We aim to address questions around the key benefits of IRL. Here, in addition to training a policy (i.e. the generative LLM), IRL enables the extraction of reward functions from demonstration data. We discuss multiple benefits for this additional source of reward information in the discussion section and this includes the potential to mitigate reward model overoptimization during RLHF [1], and we have added more analysis on this (see below). In IQLearn, in particular, we can recover rewards from the Q-function, as we describe in line 136 (via rt=Q(st,at)γV(st+1)r_t=Q(s_t, a_t) - \gamma V(s_{t+1})). We have added correlation analysis between the extracted rewards and task performance metrics.

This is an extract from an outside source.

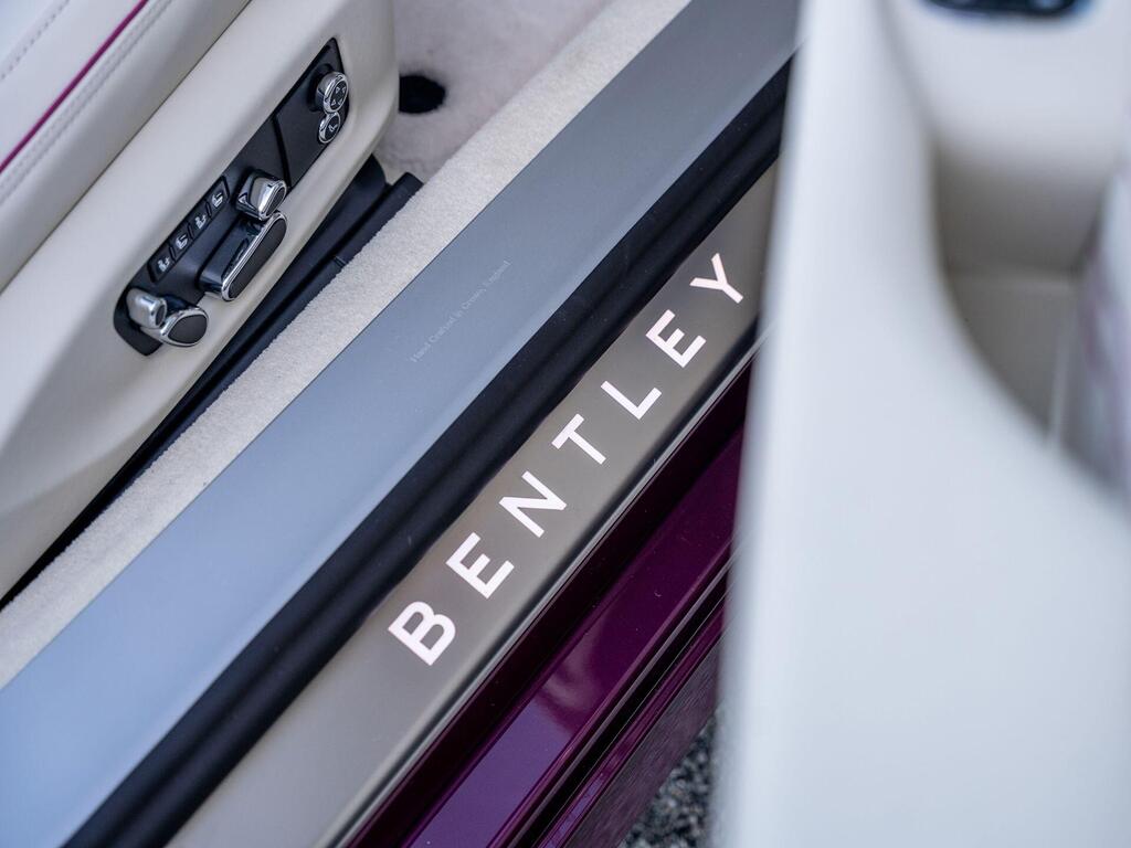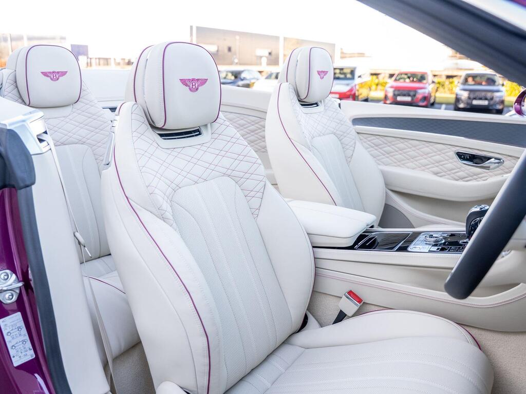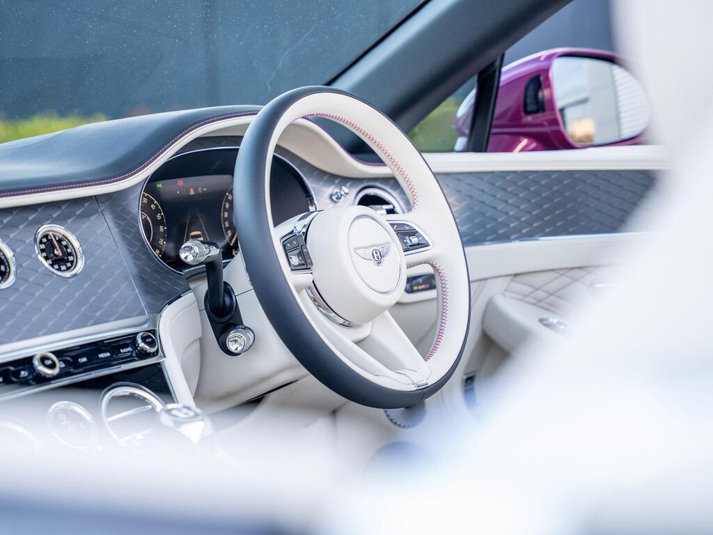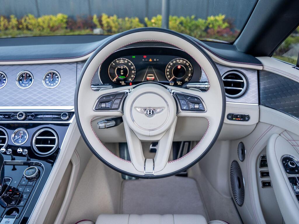 Bentley Continental GTC High-Performance 4.0 V8 25.9kWh на 22-дюймовых легкосплавных дисках — десятиспицевые — окрашенные в черный цвет и отполированные, Bang and Olufsen для Bentley, вращающийся дисплей Bentley, передние сиденья с системой Wellness, самовыравнивающаяся эмблема на колесах — от Mulliner, рулевое колесо — трехспицевое двухцветное с кожаной отделкой и подогревом, 3D-система кругового обзора, адаптивный круиз-контроль, система предупреждения о слепых зонах, система помощи водителю с отображением окружающей среды. Передний и задний парктроник, интеллектуальная система помощи при парковке, система помощи при движении по полосе, камера заднего вида с графическим отображением на экране, передние сиденья — электрическая 12-позиционная регулировка с подогревом и двумя функциями памяти, скрытая антенна, многозонная автоматическая система климат-контроля, два задних сиденья с центральным отсеком для хранения вещей, включая розетку 12 В и два USB-порта для зарядки.

As an example, current results show both Pearson Correlation Coefficient and Spearman's Rank Correlation Coefficient between 0.21 and 0.44 for IRL-extracted rewards and BLEU and between 0.27 and 0.48 for ChrF on WMT. For comparison, the corresponding correlations for MLE are respectively around 0.04-0.05 and 0.004-0.005. The complete results have been added to the paper. PDF updates are unfortunately not possible during the rebuttal process, so please reach out if there are further questions about these results.

Further specific details for each review are included in our individual answers. Please do not hesitate to point out further questions or comments.

[1] Scaling Laws for Reward Model Overoptimization, 2022, Leo Gao, John Schulman, Jacob Hilton

最终决定

This paper proposes a technique based on Inverse Reinforcement Learning for LLM training, as alternative to the standard MLE estimator for next token prediction. The proposed approach, that builds on existing work on inverse soft-Q learning, is shown to help increase response diversity while maintaining or improving quality (depending on the benchmark).

Reviews were somewhat mixed (4,4,5,6,8), with reviewers being generally appreciative of the novelty of the approach (applying IRL to LLM training), but with an overall concern towards empirical results that do not show strong improvements over standard MLE across all benchmarks. In their response, the authors added more experiments showing benefits on the WMT22 task.

Among the two reviewers who rated 4, one didn't follow-up on the author response, while the other did (privately) and decided to keep their score due to quantiative improvements not being strong enough.

Although I agree it would be nice to see stronger improvements across the board, I consider the gains in diversity to be significant and potentially quite relevant in some applications. In addition, being able to improve on some tasks (while not degrading on others) remains meaningful, and I believe this work also has potential to encourage further research on IRL for LLM training. As a result, I am recommending acceptance.